Video tool
Auto-Generate Subtitles for Video
Drop a video. Get an SRT file. The transcription model runs locally — your audio never leaves this tab.
How it works
- 1
Drop a video or audio file
Anything FFmpeg can decode — MP4, MOV, WebM, MKV, AVI, MP3, WAV, M4A. The file stays on your device.
- 2
Wait for the speech model (first run only, ~75 MB)
We download Whisper-tiny.en the first time you use this tool. After that it's cached and re-runs instantly. The model never leaves your browser either.
- 3
Transcribe in your browser
Audio is extracted via FFmpeg and fed to Whisper. Per-segment timestamps come back. We format them as a standards-compliant SRT file.
- 4
Download the .srt
Use it in any video player that supports external subtitles, upload it to YouTube, or burn it into the picture with our subtitle burn-in tool.
Why use Auto-subtitles?
Your audio never leaves your tab — no API key, no third-party service, no per-minute pricing. Whisper runs locally via WebAssembly the same way our other tools do.
Standards-compliant SRT output — works in VLC, mpv, YouTube, Vimeo, Premiere, DaVinci Resolve, or our own subtitle burn-in tool.
Free with no caps. Paid alternatives (Veed, Descript, OpenAI's Whisper API) charge per minute or behind monthly subscriptions. Ours is the same model running on your hardware.
Common use cases
- Caption a podcast episode for accessibility before publishing
- Generate a transcript of a recorded lecture or interview
- Add subtitles to a video before sharing on social platforms
- Get a starting-point transcript that you'll edit by hand for accuracy
- Caption a screen recording for a tutorial or how-to video
- Generate SRT for a private family video without uploading it anywhere
About MP4 and SRT
SRT (SubRip) is the most widely supported subtitle format on the web.
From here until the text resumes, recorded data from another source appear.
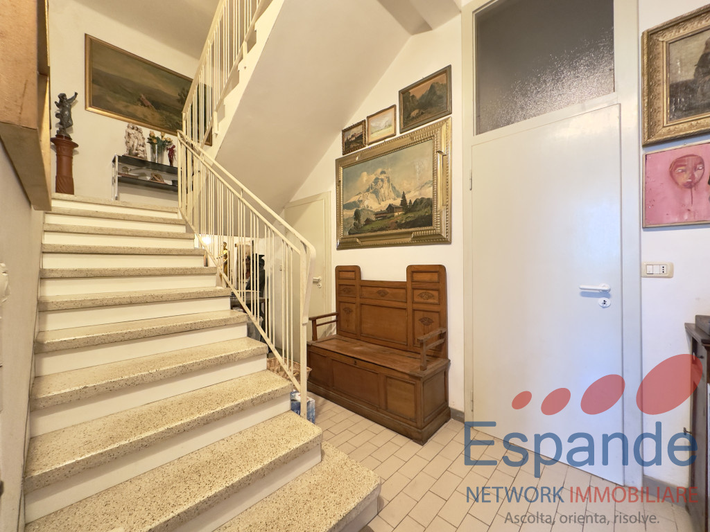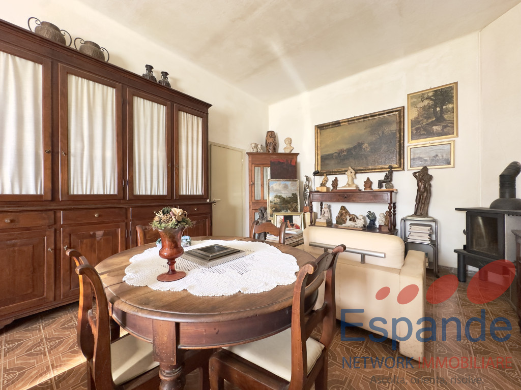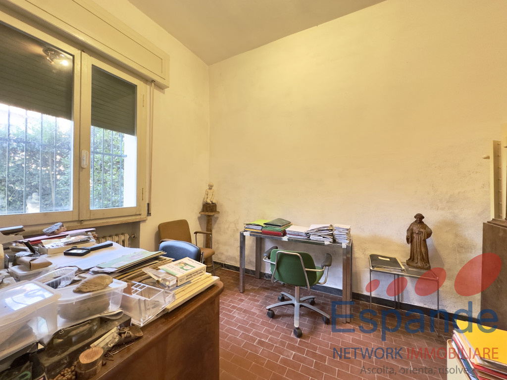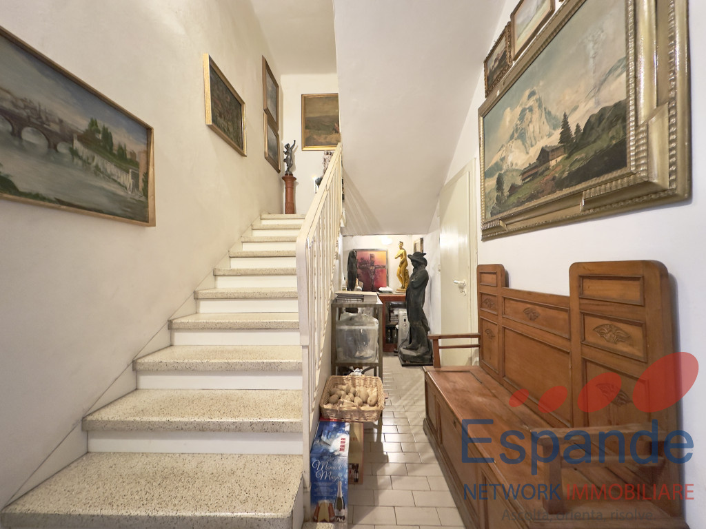 La casa, sviluppata su due piani, si presenta così disposta: al piano terra ingresso (5,4mq) accessibile dal giardino di proprietà , tinello (9mq), n. 4 locali adibiti a ripostiglio (rispettivamente di 6,70mq, 6mq, 2,6mq e 20mq) e vano scala dal quale si accede al piano primo, il quale è così disposto: n. 2 camere da letto matrimoniali (17mq e 15mq), studio finestrato utlizzabile come camera da letto (11mq) , cucina abitabile (11mq) permettente l’accesso al balcone (14,5mq), soggiorno (28mq), n. 2 bagni di cui uno finestrato (3,75mq e 4,60mq) e ripostiglio (2,6mq).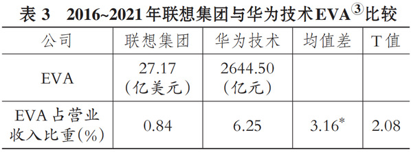 经济增加值(EVA)拓展了传统的剩余收益评价方法。从表3可见,联想集团2016~2021年累计EVA为27.17亿美元,换算成人民币约为182.28亿元②,同期华为技术累计EVA达2644.50亿元,反映出两家公司价值创造能力存在显著差异。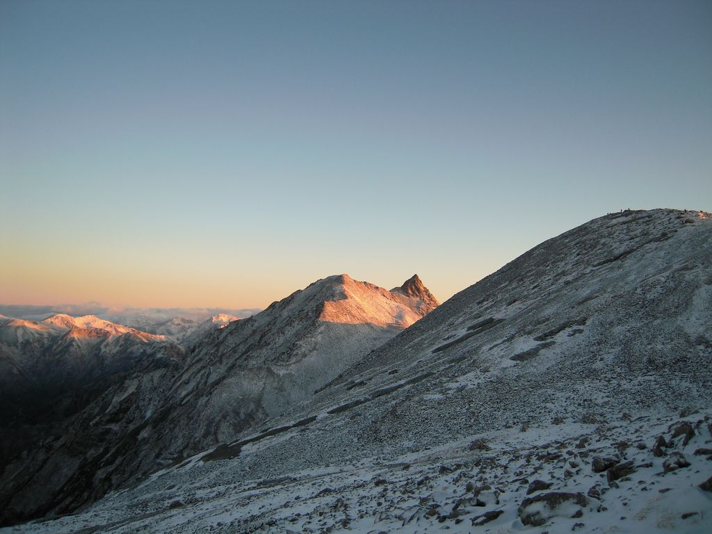 ってきた。ひたすら西尾根を登る。森林限界のあたりからミゾレが雪に変わった。滑らないように気をつけて登る。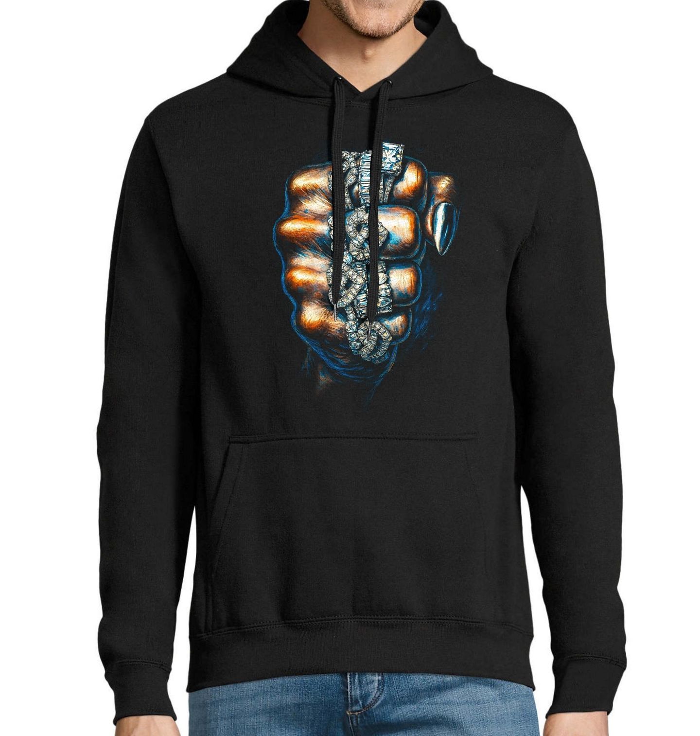 Pánská mikina Iced Chain. Luxus, síla a nekompromisní styl v jednom motivu. Detailně zpracovaná pěst svírá masivní chain zdobený prvky, které připomínají diamant zasazený do lesklého kovu ve stylu stříbro. Tento design reprezentuje moc, sebevědomí a streetovou eleganci, která nepřehlédnutelně vynikne. Dominantní diamant a výrazný chain vytváří ikonický „iced-out“ vzhled, který je symbolem moderního streetwearu.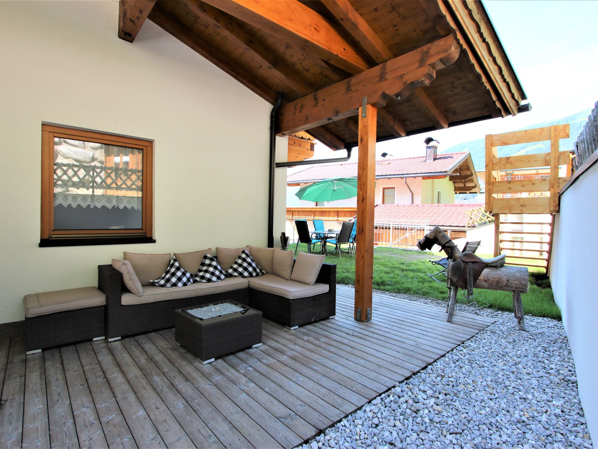 Zellberg 4 km von Zell am Ziller: In traumhafter Aussichtslage, mit einem einzigartigen Wellnessbereich ausgestattetes, kinderfreundliches, komfortables Landhaus "Anita", 960 m.ü.M.. Oberhalb von Zell am Ziller, im Ortsteil Zellberg, 4.5 km vom Zentrum, ruhige, sonnige, erhöhte Lage am Hang, 6 km vom Skigebiet. Zur Mitbenutzung: schöner, gepflegter Terrassengarten, Liegewiese. Sprudelbad, Gartenmöbel, Grill, Grillhaus, Kinderspielplatz. Im Hause: Wireless LAN, Sauna, Dampfbad, Wellnessbereich, Einstellraum für Fahrräder, Skiraum, Zentralheizung, Skischuhtrockner. Handtuchwechsel 2 mal wöchentlich. Zufahrt bis zum Haus. Im Winter bitte Schneeketten mitbringen. Parkplatz beim Haus. Supermarkt 4.5 km, Restaurant 1.3 km, Freibad 4.5 km. Gondelbahn 6 km, Skibushaltestelle 10 m. Bekannte Skigebiete sind gut erreichbar: Zillertal Arena 6 km, Ski-Zillertal-3000 8 km. Bitte beachten: Gratis Skibus. In diesem Haus sind weitere Ferienwohnungen mietbar. Die Benützung des Wellnessbereichs ist pro Wohnung täglich 2 Stunden inklusive. Ein einzigartiges Erlebnis bietet das Dampfbad "Aqua Life", eine Zedern Holzwanne, die mit reinem Quellwasser gefüllt und auf 35 - 40 Grad erwärmt wird. Badetücher, Bademäntel und Gästepantoffel stehen in jeder Wohnung für Sie kostenlos bereit. Der Gartenpavillon ist beheizt und bietet Platz für 10 Personen. Spielsachen verfügbar.

Each cue is a sequence number, a time range like '00:00:05,000 --> 00:00:08,500', and one or more lines of text. Our auto-subtitles tool uses Whisper-tiny.en — OpenAI's open-source speech recognition model in its English-only variant — running entirely in your browser via WebAssembly. The model is ~75 MB on the first run, cached afterwards. Accuracy is good on clear English speech, lower on heavy accents, low-quality audio, or domain-specific jargon. The SRT output is a starting point you can refine in any text editor.
Frequently asked questions
- Is my video uploaded to a server?
- No. NoCloud Media transcribes your video entirely in your browser using WebAssembly. The Whisper speech model also runs locally — both your audio and the transcribed text stay on your device.
- What's the maximum file size I can transcribe?
- It depends on your browser's available memory. Files under 500 MB transcribe smoothly on most devices. Long videos (1 hour+) may exhaust memory on phones; desktop browsers with plenty of RAM handle them better. Audio-only files are much lighter on memory than video.
- How accurate is it?
- Whisper-tiny.en is competitive with paid services for clear English speech in normal acoustic conditions. Expect more errors on heavy accents, noisy backgrounds, technical jargon, or quiet recordings. The output is a great starting point you can refine in 10-15 minutes for an hour of video.
- What languages does it support?
- Today: English only. We use the English-only Whisper-tiny.en model because it's smaller, faster, and slightly more accurate on English than the multilingual variant. Multilingual support is on the roadmap.
- Why does the first run take so long?
- The first time you use this tool, we download Whisper's speech recognition model — about 75 MB. After that it's cached in your browser and subsequent runs start in under a second. The model never expires; subsequent visits will use the cached copy unless you clear browser data.
- Which browsers are supported?
- Chrome, Edge, Firefox, and Safari 15+. We require WebAssembly, SharedArrayBuffer, and cross-origin isolation, all standard in modern browsers.